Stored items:
+ + + + +

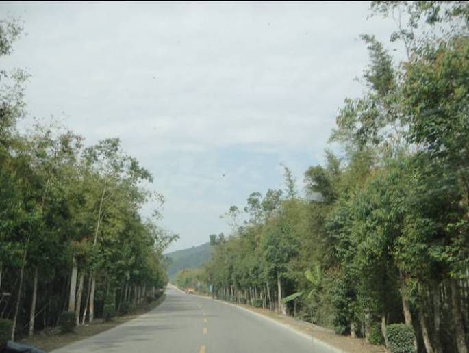 坐上大巴,大概一个钟头之后,开始看到沿路的两大排大树,虽然隔着玻璃拍摄,但是那大片的绿色,这难道不就是传闻中作文里面的那句“左右两旁的大树,微微的随着风儿晃动,仿佛就像在对我招手一样,欢迎我们的到来?”
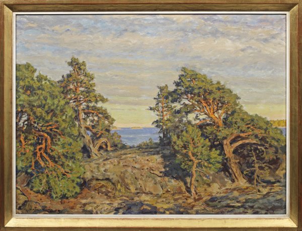 Impressionistische, mit breitem, virtuos lockerem Duktus gemalte Landschaft, welche die Stimmung eines heiteren Sommertags einfängt. Kallstenius studierte 1884 - 1888 an der Akademie in Stockholm. Bei einem anschließenden längeren Aufenthalt in der Bretagne und in Paris, lernte er aktuelle Kunstströmungen des Impressionismus kennen. Ab 1898 lehrte Kallstenius an der Akademie in Stockholm und wurde 1900 zum Mitglied der Akademie gewählt. Als Maler fand Kallstenius früh vom Realismus zur impressionistischen Stimmungsmalerei und fand einen schwedisch-romantischen Ton, oft mit Sonnenuntergängen und von der Sonne beleuchteten Küstenlandschaften. Öl/Lwd.; L. u. sign. u. dat. (19)34. 82 cm x 111 cm. Rahmen
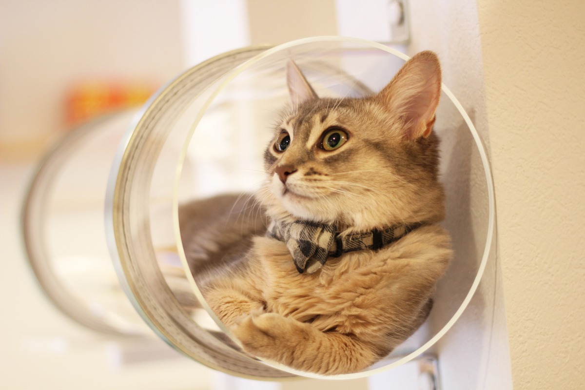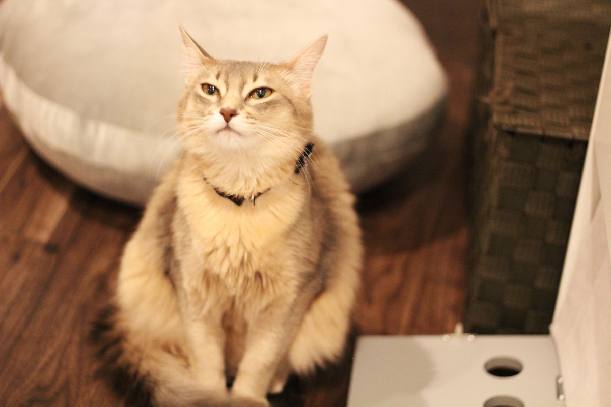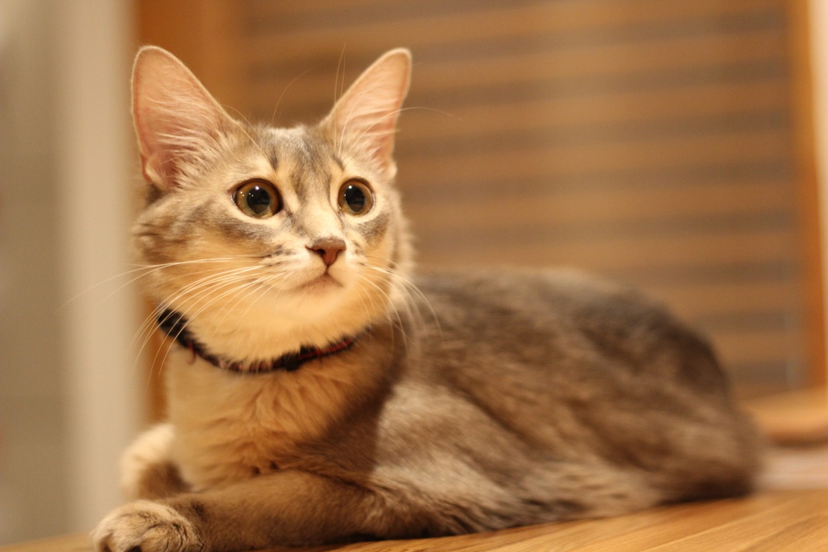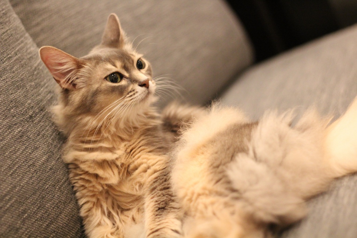 イギリス原産のアビシニアンの長毛種「ソマリ」は、狐のようなフサフサの尻尾とアーモンドアイが特徴。
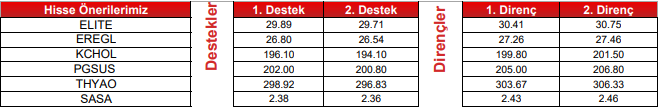 Endeks, Cuma günü gerçekleşen işlemlerde 141,22 puan yükselişle 12,992 puan seviyesinden kapanış gerçekleştirdi. Endeksin 13,170 direnç seviyesine doğru olası yükselişlerde kar satışı denenebilir. Gün içi ilk direnç noktası 13,050 puan seviyesidir. Sonraki direnç noktası ise 13,170 puan seviyesidir. Gün içi ilk destek noktası 12,880 puan seviyesidir. Sonraki destek noktası 12,750 puan seviyesidir.
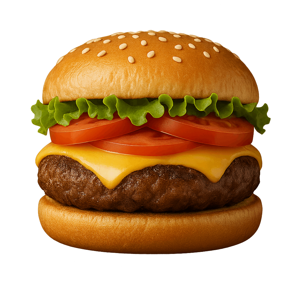 Hamburger fassona 180 gr, formaggio gouda , insalata , bacon , pomodoro , cipolle caramellate
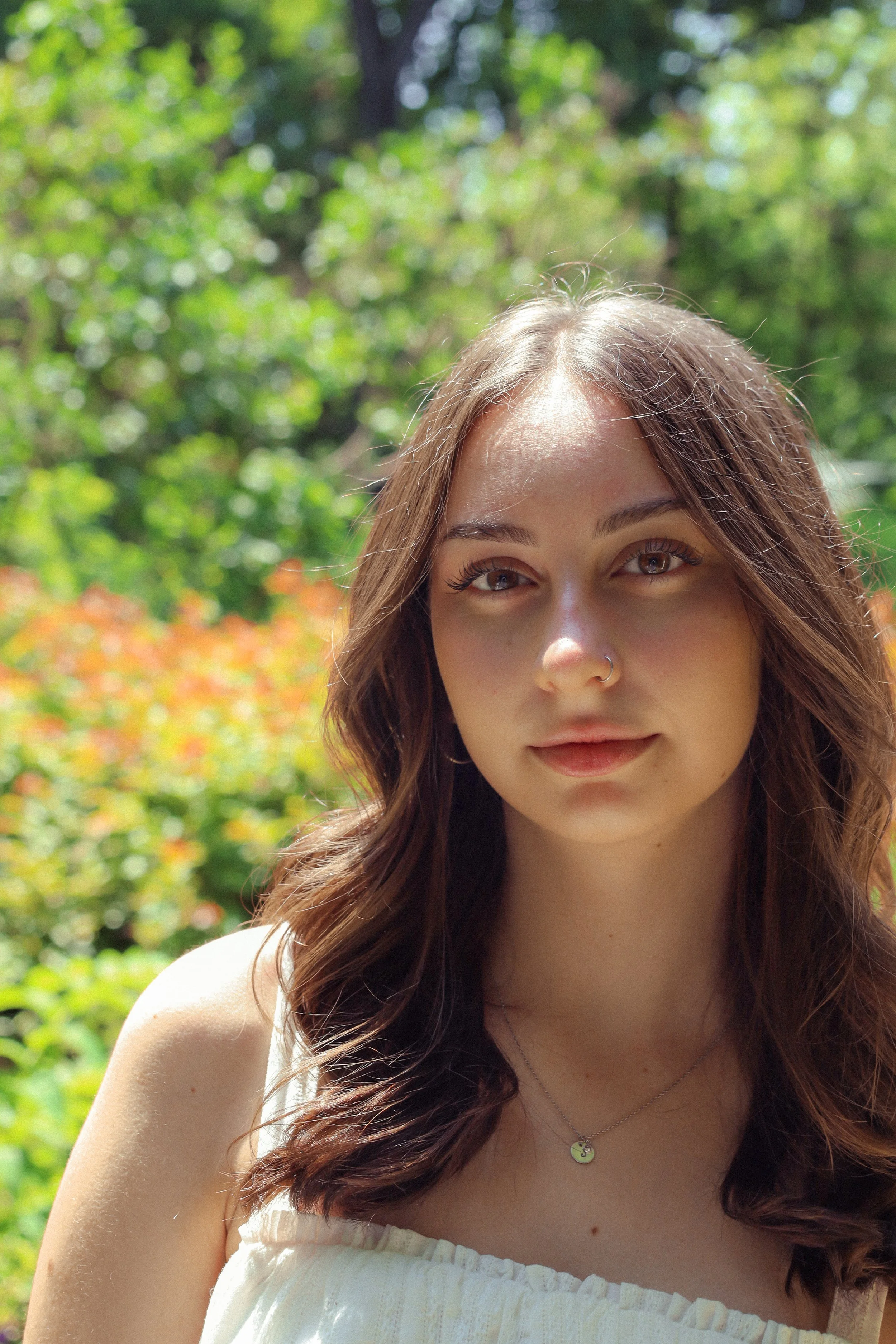 A young woman with long dark hair standing outdoors in sunlight, wearing layered necklaces and a light-colored top, with trees and foliage in the background. View fullsize
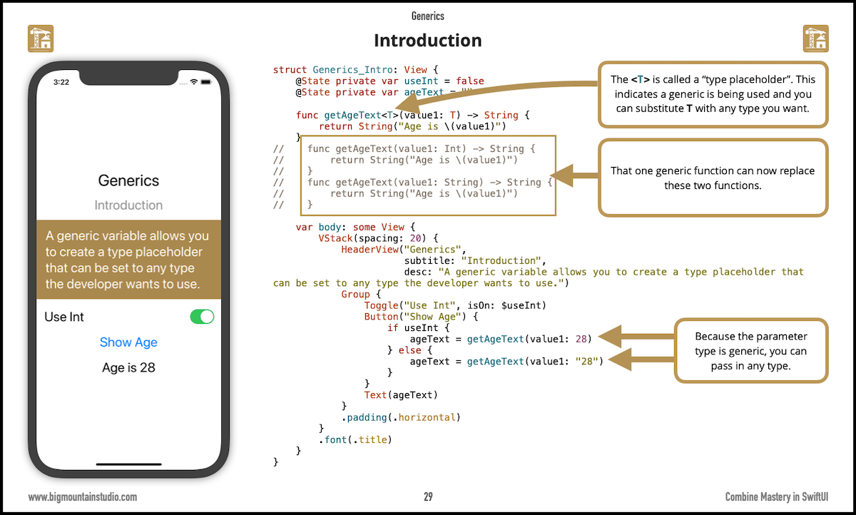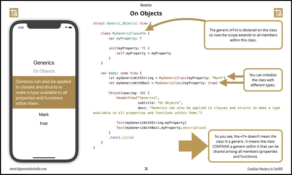 Generics play such a major role in #Combine that even the slightest refresh of knowledge on the topic will greatly boost your understanding of how all the parts of Combine fit together. At the end of this section, Mark will show you how generics relate back to Combine. <your link>
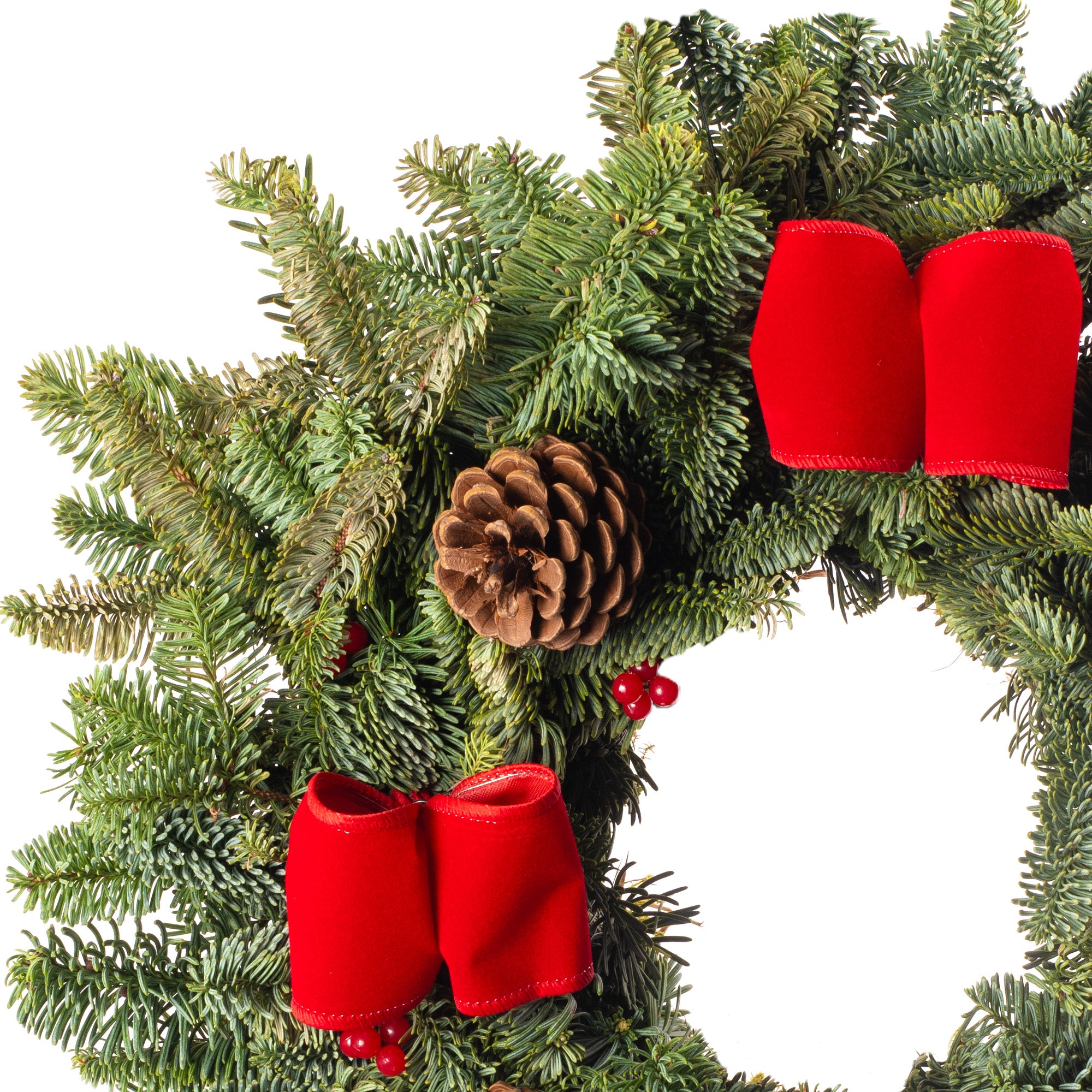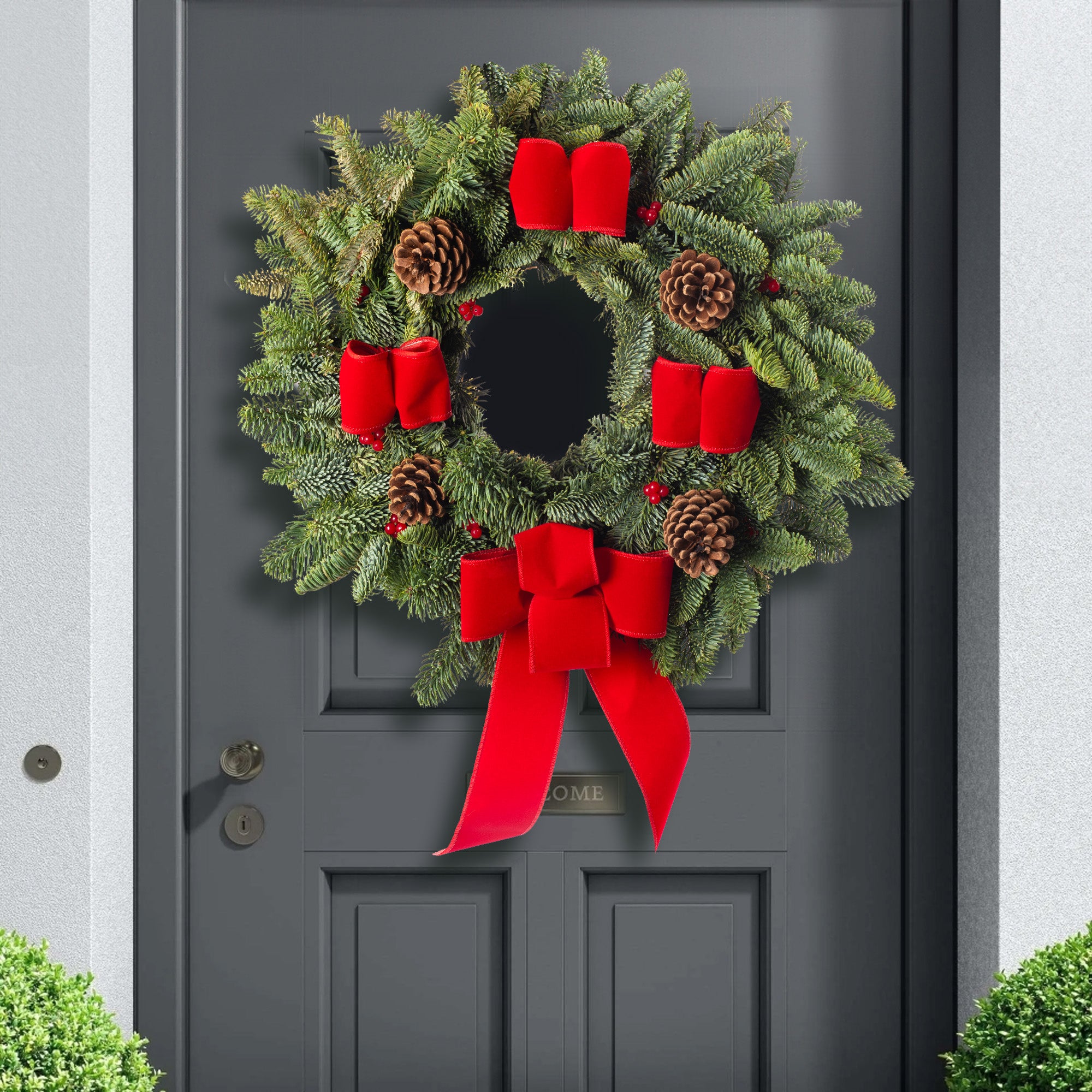 This wreath arrives adorned in red ribbons with pines cones as well as small clumps of berries and may be customised with additional decorations such as baubles and lights.
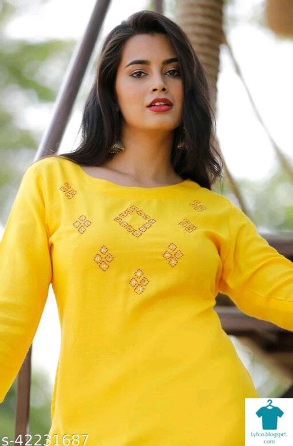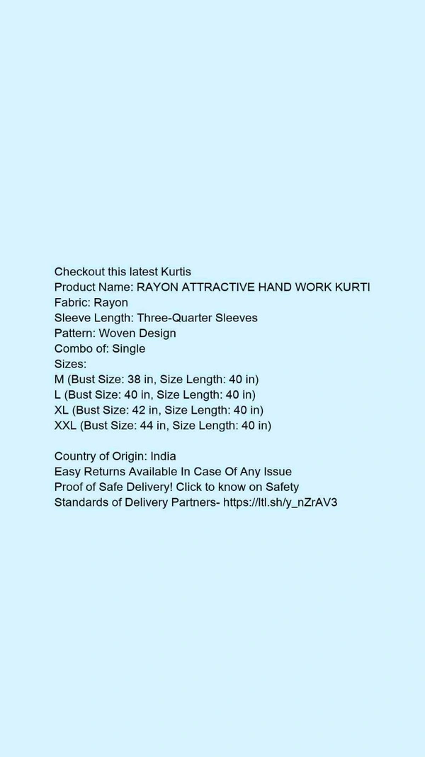 Product Name: *RAYON ATTRACTIVE HAND WORK KURTI*Fabric: RayonSleeve Length: Three-Quarter SleevesPattern: Woven DesignCombo of: Single
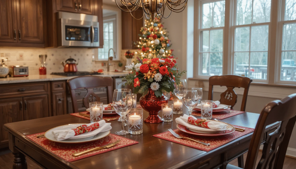 If you have a dining area in your kitchen, use Christmas-themed plates, napkins, and placemats. Think red, gold, or snowy white tones to make every meal feel like a holiday feast.

+ + + + +

What this task involves
Starting at the line that contains "Product Name: *RAYON", retype each line through the end of the data exactly, and leave out every picture.

Answer space
 Product Name: *RAYON ATTRACTIVE HAND WORK KURTI*Fabric: RayonSleeve Length: Three-Quarter SleevesPattern: Woven DesignCombo of: Single
 If you have a dining area in your kitchen, use Christmas-themed plates, napkins, and placemats. Think red, gold, or snowy white tones to make every meal feel like a holiday feast.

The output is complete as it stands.